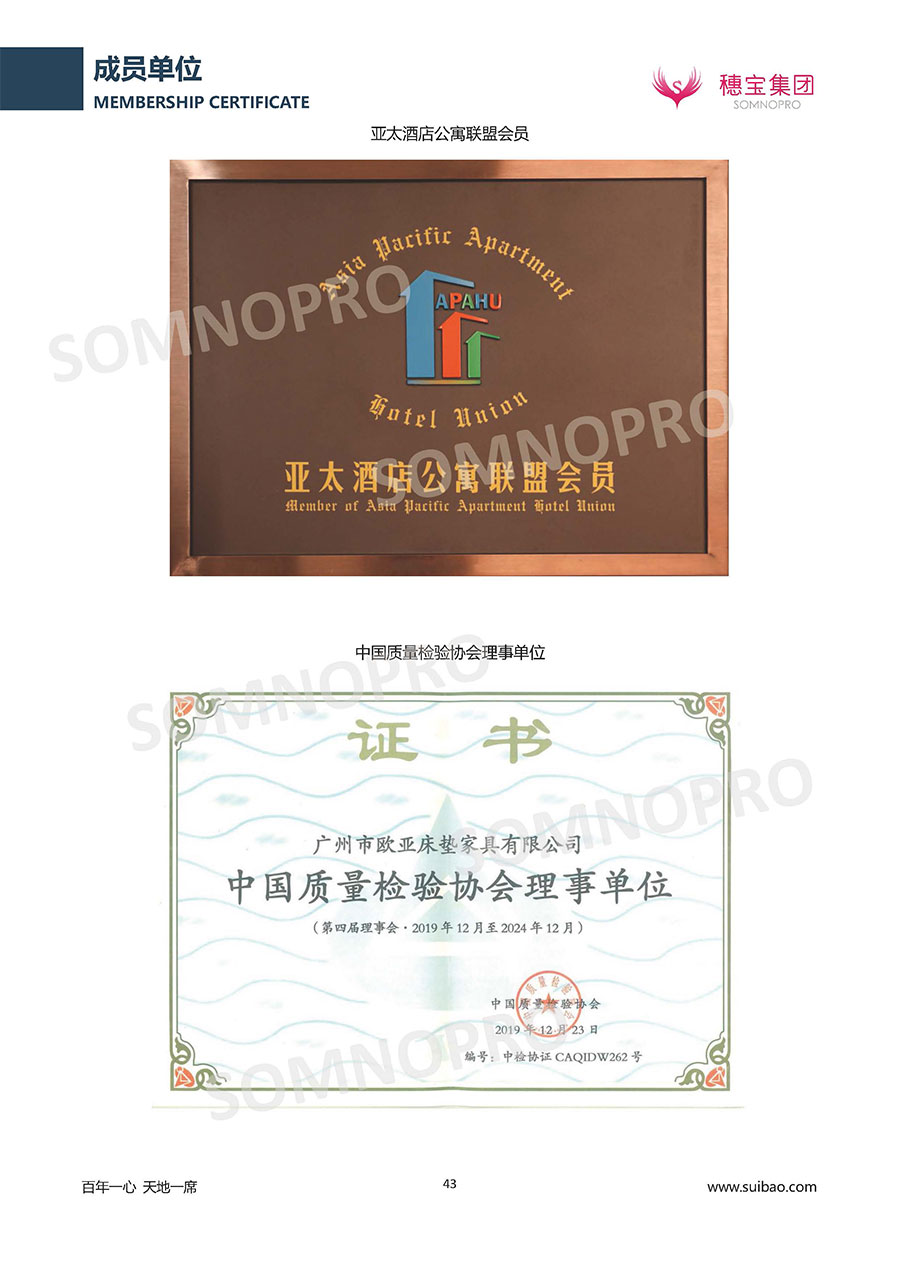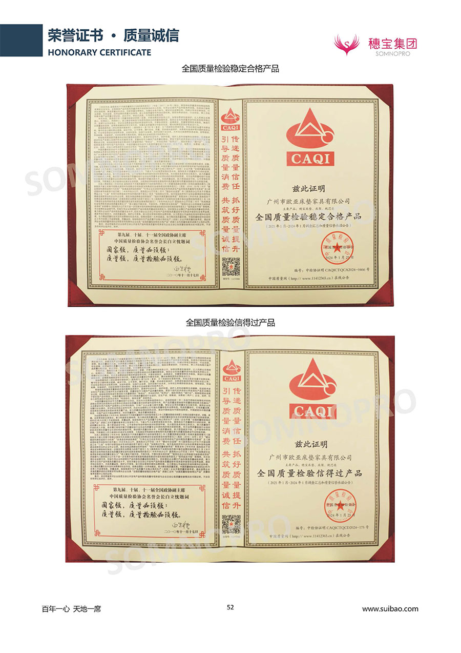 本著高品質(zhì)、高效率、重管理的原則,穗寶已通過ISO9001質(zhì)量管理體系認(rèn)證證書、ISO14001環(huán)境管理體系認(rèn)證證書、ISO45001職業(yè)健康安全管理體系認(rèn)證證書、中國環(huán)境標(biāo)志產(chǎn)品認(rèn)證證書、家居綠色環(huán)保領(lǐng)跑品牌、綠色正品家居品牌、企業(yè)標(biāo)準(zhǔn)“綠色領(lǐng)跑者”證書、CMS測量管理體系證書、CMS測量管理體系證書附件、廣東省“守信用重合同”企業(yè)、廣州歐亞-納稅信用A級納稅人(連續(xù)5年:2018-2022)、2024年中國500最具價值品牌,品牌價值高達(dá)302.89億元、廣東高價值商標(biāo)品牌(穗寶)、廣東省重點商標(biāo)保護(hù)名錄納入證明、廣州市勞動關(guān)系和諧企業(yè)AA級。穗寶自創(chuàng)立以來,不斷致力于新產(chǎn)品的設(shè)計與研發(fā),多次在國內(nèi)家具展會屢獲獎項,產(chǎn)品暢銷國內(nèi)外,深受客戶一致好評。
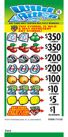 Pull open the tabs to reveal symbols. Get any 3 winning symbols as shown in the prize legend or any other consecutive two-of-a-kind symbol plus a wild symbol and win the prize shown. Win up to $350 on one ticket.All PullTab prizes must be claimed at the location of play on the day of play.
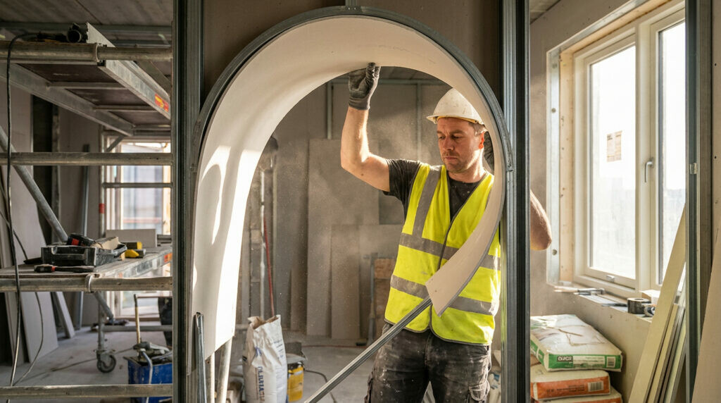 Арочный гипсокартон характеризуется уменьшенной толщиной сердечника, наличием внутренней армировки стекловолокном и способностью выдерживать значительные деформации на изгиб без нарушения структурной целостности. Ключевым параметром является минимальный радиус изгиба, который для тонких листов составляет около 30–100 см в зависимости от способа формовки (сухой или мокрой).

·····

Exercise: Once the images are dropped, set down the remaining material word for word.

Completed task:
 本著高品質(zhì)、高效率、重管理的原則,穗寶已通過ISO9001質(zhì)量管理體系認(rèn)證證書、ISO14001環(huán)境管理體系認(rèn)證證書、ISO45001職業(yè)健康安全管理體系認(rèn)證證書、中國環(huán)境標(biāo)志產(chǎn)品認(rèn)證證書、家居綠色環(huán)保領(lǐng)跑品牌、綠色正品家居品牌、企業(yè)標(biāo)準(zhǔn)“綠色領(lǐng)跑者”證書、CMS測量管理體系證書、CMS測量管理體系證書附件、廣東省“守信用重合同”企業(yè)、廣州歐亞-納稅信用A級納稅人(連續(xù)5年:2018-2022)、2024年中國500最具價值品牌,品牌價值高達(dá)302.89億元、廣東高價值商標(biāo)品牌(穗寶)、廣東省重點商標(biāo)保護(hù)名錄納入證明、廣州市勞動關(guān)系和諧企業(yè)AA級。穗寶自創(chuàng)立以來,不斷致力于新產(chǎn)品的設(shè)計與研發(fā),多次在國內(nèi)家具展會屢獲獎項,產(chǎn)品暢銷國內(nèi)外,深受客戶一致好評。
 Pull open the tabs to reveal symbols. Get any 3 winning symbols as shown in the prize legend or any other consecutive two-of-a-kind symbol plus a wild symbol and win the prize shown. Win up to $350 on one ticket.All PullTab prizes must be claimed at the location of play on the day of play.
 Арочный гипсокартон характеризуется уменьшенной толщиной сердечника, наличием внутренней армировки стекловолокном и способностью выдерживать значительные деформации на изгиб без нарушения структурной целостности. Ключевым параметром является минимальный радиус изгиба, который для тонких листов составляет около 30–100 см в зависимости от способа формовки (сухой или мокрой).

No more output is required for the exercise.